One particularly irritating trait of CNN+’s pricing plan to Discovery executives was its “Deal of a Lifetime” plan — offering a 50% discount (initially $2.99 per month instead of $5.99) for as long a consumer remains a subscriber to CNN+. While that may be a great perk for a CNN+ subscriber, it was a strategic misfit for Zaslav. For anyone who would have signed up to the larger bundle because of CNN content, they now had a “forever” reason not to do so.
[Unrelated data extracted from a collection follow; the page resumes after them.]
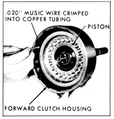 3. After replacing seals, install piston with the aid of a piece of .020 inch wire crimped into copper tubing.
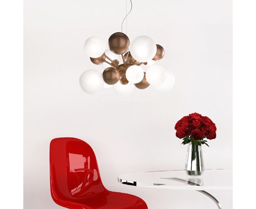 Подвесной светильник состоящий из множества нанизанных на основание шариков разного диаметра и цвета. Благодаря этому создается эффект движения, свет становится живым и динамичным.
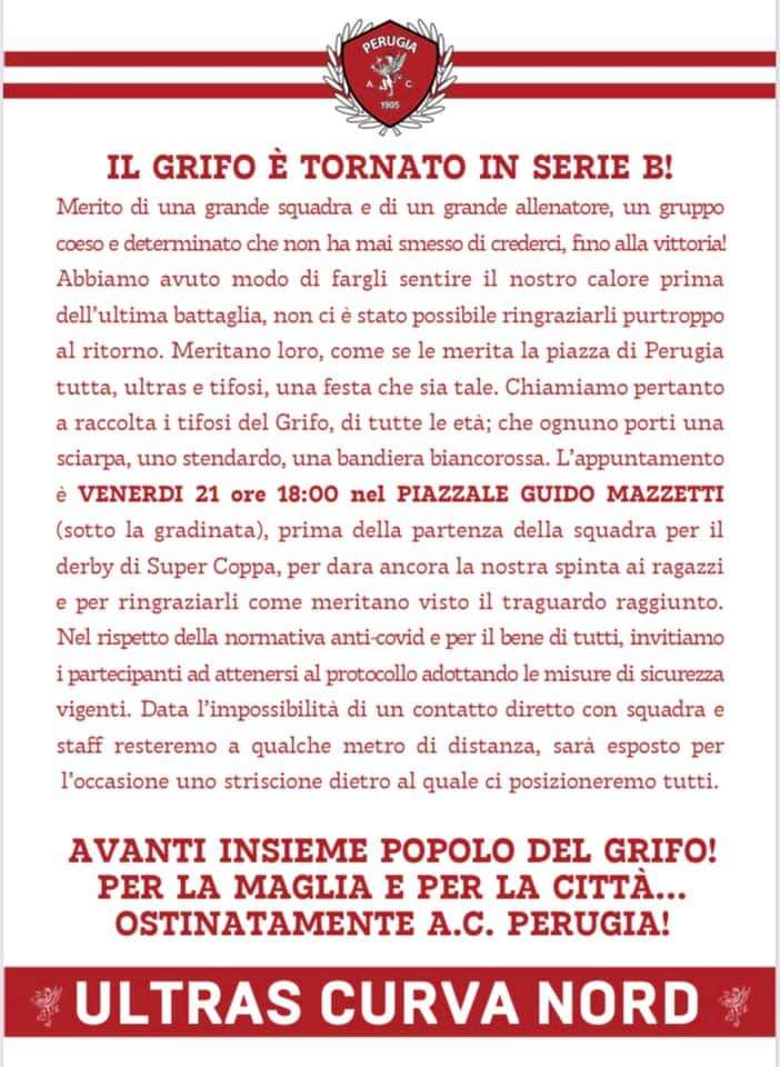Che festa sia. Il 2 maggio i tifosi biancorossi si erano riversati per le strade di Perugia mentre i grifoni festeggiavano negli spogliatoi di Salò. Al rientro in pullman, a mezzanotte inoltrata, i supporter non avevano potuto attendere gli eroi della cavalcata vincente per rispetto del coprifuoco. Ora la Nord dà appuntamento a venerdì alle 18, prima della partenza per quella che diventa la sfida dell’anno in casa della Ternana, per ringraziare “una grande squadra e un grande allenatore”.
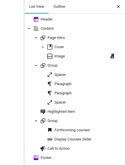 - Custom blocks ~ purpose-built pieces for functionality you can’t achieve with core blocks
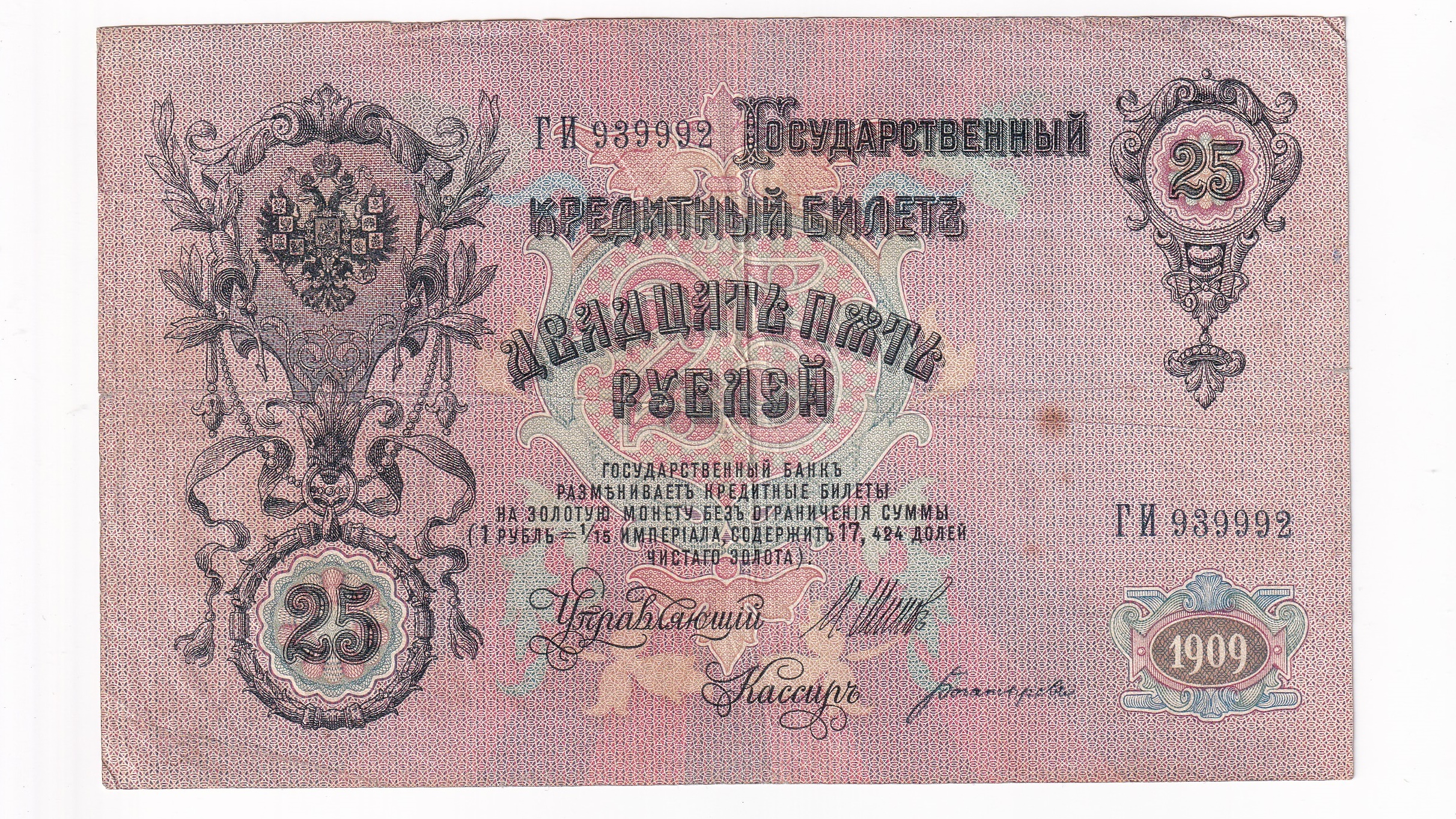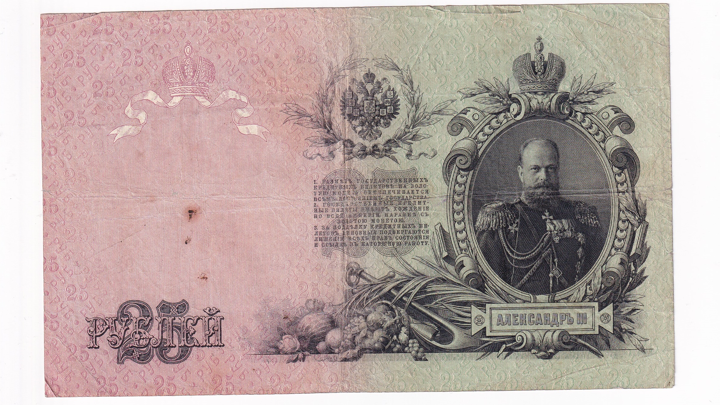 Stará, obehová bankovka Ruska v hodnote 25 Rubľov z roku 1909.

Discovery had also already tried niche subscription streaming products, having rolled out GolfTV, cycling streaming network GCN+ and Food Network Kitchen in 2020 and 2021. None of those products moved the needle for Discovery. Zaslav and other members of the Discovery leadership, including JB Perrette, who was taking over as Warner Bros. Discovery’s head of streaming, didn’t want to waste time plowing ahead with a strategy they’d already decided didn’t work.
Kilar, Zucker and Morse fundamentally disagreed with the strategy of using CNN as an HBO Max supporter. By giving CNN its own separate home, consumers enter a world of news and don’t leave when they see the variety of content CNN offers. If CNN is part of the larger HBO Max-Discovery+ world, they feared viewers will decide they’d rather watch a reality TV show or HBO drama. The effect would be to substantially diminish the value of CNN over time.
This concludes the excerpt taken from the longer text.